My initiation into stocks was started by m other when I was Nineteen and during an enforced break from college. I started to read in those days. Due to strict foreign exchange control the relevant books on stocks and investments were not available. There were no computers or the Internet. India was a socialist state and profit was a bad word. When I finally came out of college, it was the year of change in 1991, when Dr Manmohan Singh swept the cobwebs out of our collective minds. The regime of allowing free import of books came about in 1996, by then the Harshad Mehta scam swept out any interest in stocks in the common public.

I discovered a few books and through them met people like George Soros, Warren Buffet and Peter Lynch.

The first book I read was in 1991, borrowed from an NRI chartered accountant who was reading Alchemy of Finance." I read that book and it went over my head completely. I read Peter Lynch's classic books on stock markets. They were One Up on Walls Street and Beating the Street armed with that knowledge I bought a portfolio of stocks. In the year 1996, I finally read Intelligent Investor and Security Analysis of Graham and Dodd.

In the mean time, m y other businesses were booming and I drifted away from active investing after the Asian Financial crisis. To add to this there was the Ketan Parekh scam and a severe recession in India around the year 1999-2002. The general recession and tight credit cycle and falling margins made me exit my main business. The pressures of shutting down and winding down a business exposed me to the harsh limitations of the Indian system. Once again in 2003, I started looking at the markets again. When I started nibbling at stocks and used the Internet to find new resources. I decided to dig further and re-read the entire library of books that I had collected and kept seeking for maximum information on the fundamentals of economics, the boom-bust theory, the importance of interest rates and Central Banks. The beginning of a major bull run in all asset classes started in 2004.
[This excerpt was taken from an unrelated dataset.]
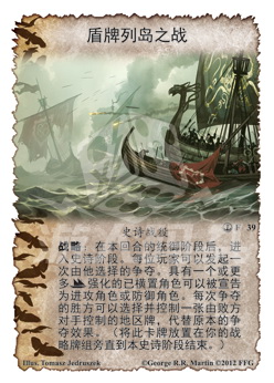 战略:在本回合的统御阶段后,进入史诗阶段,每位玩家可以发起一次由他选择的争夺。具有一个或更多强化的已横置角色可以被宣告为进攻角色或防御角色。每次争夺的胜方可以选择并控制一张由败方对手控制的地区牌,代替原本的争夺效果。(将此卡牌放置在你的战略牌组旁直到本史诗阶段结束。)

I revisited my old portfolio made nearly 10 years ago and was amazed with the results that I as an amateur following Peter Lynch, Warren Buffet and Ben Graham generated. In 2006, I decided to become a full time investor when I called the coming of the gold boom, which commenced in 2003 and I realized that we were in for a multiyear bull market.
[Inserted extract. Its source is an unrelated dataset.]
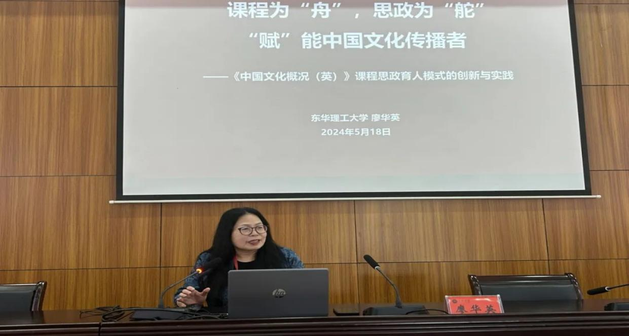 东华理工大学思政研究中心廖华英教授针对新文科、数字化和新时代背景下的育人需求,以《课程为“舟”,思政为“舵”,“赋”能中国文化传播者》为题,提出英语教学要以“思政”为舵,“赋”员工核心价值素养,解决“育什么人”的问题,并以产出为导向,提出一套教学创新模式。

I was sure of the coming collapse in 2008. This collapse was triggered by the public issue of Reliance Power. I had begun teaching investing to few a people. The principle of Graham, Buffet, Philp Fisher, Carret and Peter Lynch was reinforced. This was the time I stumbled upon two characters, which changed my line of thinking fundamentally, one was Fredrich Von Hayek and the other was a Seventeenth century investor called Richard Cantillon.

Cantillon, was the first of the great investors who made money both in the boom of the Mississippi bubble and doubled his position during the bust by shorting the market all the way down. Little is known about him and the only surviving manuscript is an essay he wrote on how markets are organized. This was long before Adam Smith. There is a scholarly biography written by a Scottish professor on Cantillon which one must definitely read.

I saw the collapse coming when the stock market recovered in 2009 on Government stimulus after the elections, though I did not profit from this fully.